Multiple Hypothesis Testing
STA35B: Statistical Data Science 2
library(tidyverse)
options(pillar.print_min = 9) # to avoid annoying scroll behavior
knitr::opts_chunk$set(out.height = "100%")
theme_set(theme_bw() + theme(axis.text = element_text(size = 14),
axis.title = element_text(size = 16),
))
Other common sayings
- A broken clock is right twice a day.
- Torture the data until it confesses.
Motivating Example: Suppose a researcher compares 20 outcomes between a treatment and control group:
- anxiety score, sleep quality, blood pressure, cholesterol, concentration, and 15 more
For each outcome, they test at \(\alpha = 0.05\).
- If nothing truly differs, how surprising is one “significant” result?
One Test vs. Many Tests
If all \(m \geq 1\) null hypotheses are true and all \(m \geq 1\) tests are independent:
\[
P(\text{no false positives}) = (1 - \alpha)^m\\
\Longrightarrow P(\text{at least one false positive}) = 1 - (1 - \alpha)^m
\]
False Positive Risk With \(\alpha = 0.05\):
| 1 |
0.05 |
| 5 |
0.23 |
| 10 |
0.40 |
| 20 |
0.64 |
| 100 |
0.99 |
a_vec <- c(0.05, 0.005)
m_vec <- 1:800
fpr_fun <- function(m, a) 1 - (1-a)^m
my_df <- lapply(1:2, \(i) {
data.frame(α = a_vec[i], num_test = m_vec, false_positive_rate = sapply(m_vec, fpr_fun, a=a_vec[i]))
}) |> purrr::reduce(rbind)
my_df |>
ggplot(aes(num_test, false_positive_rate)) +
geom_line() +
facet_wrap(~α, labeller='label_both') +
labs(x='m (number of tests)', y='1 - (1-α)^m', title='False positive rate')
The problem is not a bad test. The problem is repeated opportunity for a false positive.
The Language of Multiple Testing
A family is the collection of tests we want to treat as one inferential unit. E.g.,
- all primary outcomes in a clinical trial
- all pairwise group comparisons in an experiment
- all genes tested in an expression study
- all A/B metrics used to decide whether to ship a feature
Three Error Rates
| Per-test error rate |
How often does each individual test falsely reject? |
| Family-wise error rate |
How often do we make at least one false rejection in the family? |
| False discovery rate |
Among rejected hypotheses, what fraction are false discoveries on average? |
Bonferroni Correction
If testing \(m\) hypotheses \(H_1, \ldots, H_m\) and you want FWER \(\le \alpha\):
\[
\text{reject } H_i \text{ if } p_i \le \frac{\alpha}{m}, \qquad i=1,\ldots,m
\]
Example: Five outcomes are tested with \(\alpha = 0.05\).

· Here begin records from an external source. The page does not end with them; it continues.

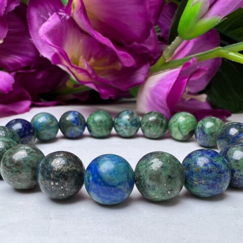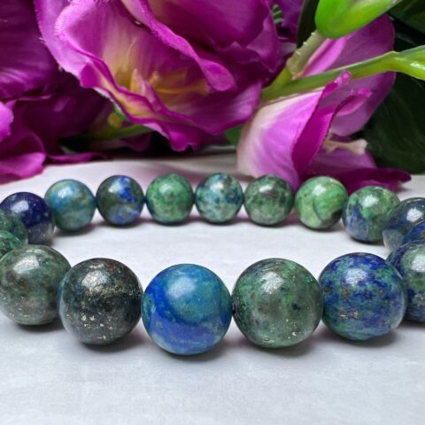 Azurite Malachite Round Beaded Bracelet 12 MM Stretch Bracelet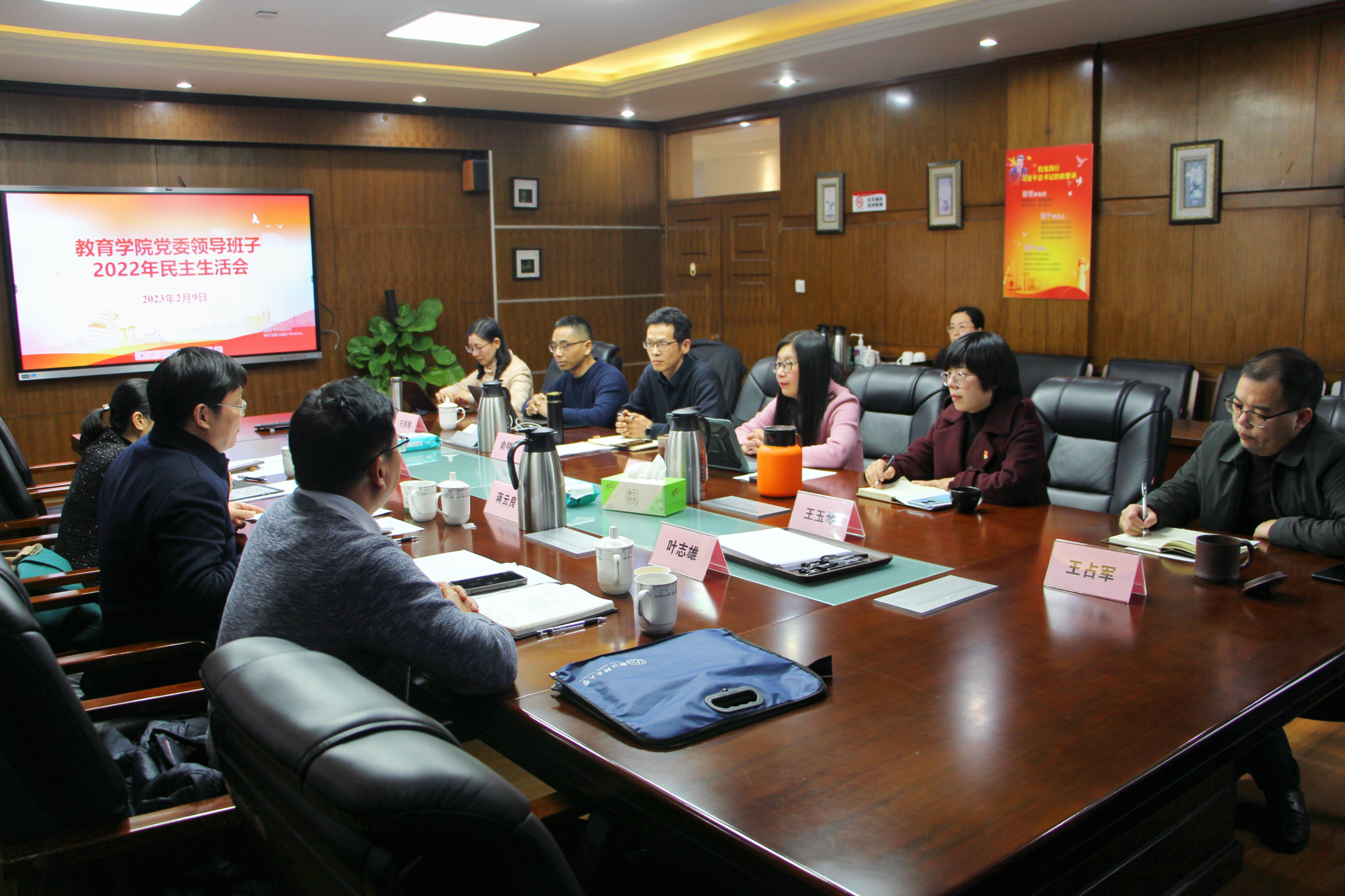 2月9日上午,教育学院党委班子2022年度民主生活会在17幢401会议室举行,校长蒋云良,校党委委员、组织部部长吕迎春,校纪委委员、工会常务副主席叶志雄莅临指导。会议由学院党委书记俞明祥主持,学院党委班子成员参加会议。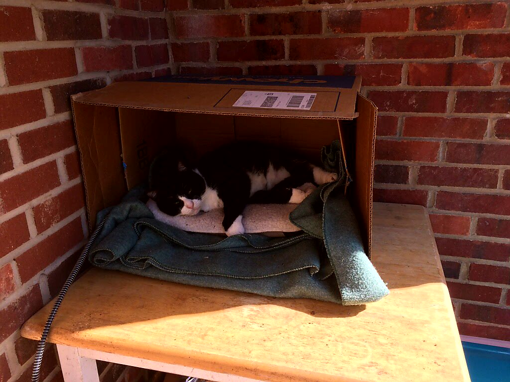 Winter Palace Posted on January 26, 2018 by sevencatsandcounting Neighbor’s Porch + Cardboard Box + Heating Pad + Towel = Winter Palace I’ll be home in the spring. –Phelps

- To ensure that FWER \(\le \alpha\), we will
\[
\text{reject } H_i \text{ if } p_i \le \frac{0.05}{5}, \qquad i=1,\ldots,5
\]
| 1 |
0.001 |
reject |
| 2 |
0.012 |
fail to reject |
| 3 |
0.019 |
fail to reject |
| 4 |
0.041 |
fail to reject |
| 5 |
0.200 |
fail to reject |
Why does this ensure that FWER \(\le \alpha\)? If hypotheses \(H_1, \ldots, H_{m_0}\) are true, then
\[\begin{align}
\text{FWER }
&=\; P(\text{at least one Type I error in the family})\\
&=\; P\bigg(\bigcup_{i=1}^{m_0} \Big[p_i \leq \frac{\alpha}{m}\Big]\bigg)\\
&\leq\; \sum_{i=1}^{m_0} P\bigg( p_i \leq \frac{\alpha}{m}\bigg)\\
&\leq\; \sum_{i=1}^{m_0} \frac{\alpha}{m}\\
&=\; m_0 \frac{\alpha}{m}\\
&\leq\; \alpha.
\end{align}\]
(We don’t even have to know what \(m_0\) is.)
False Discovery Rate
The false discovery rate is the expected fraction of discoveries that are false:
\[
FDR = E\left(\frac{\text{false rejections}}{\text{all rejections}}\right)
\]
- FWER asks: Did we make any false discovery?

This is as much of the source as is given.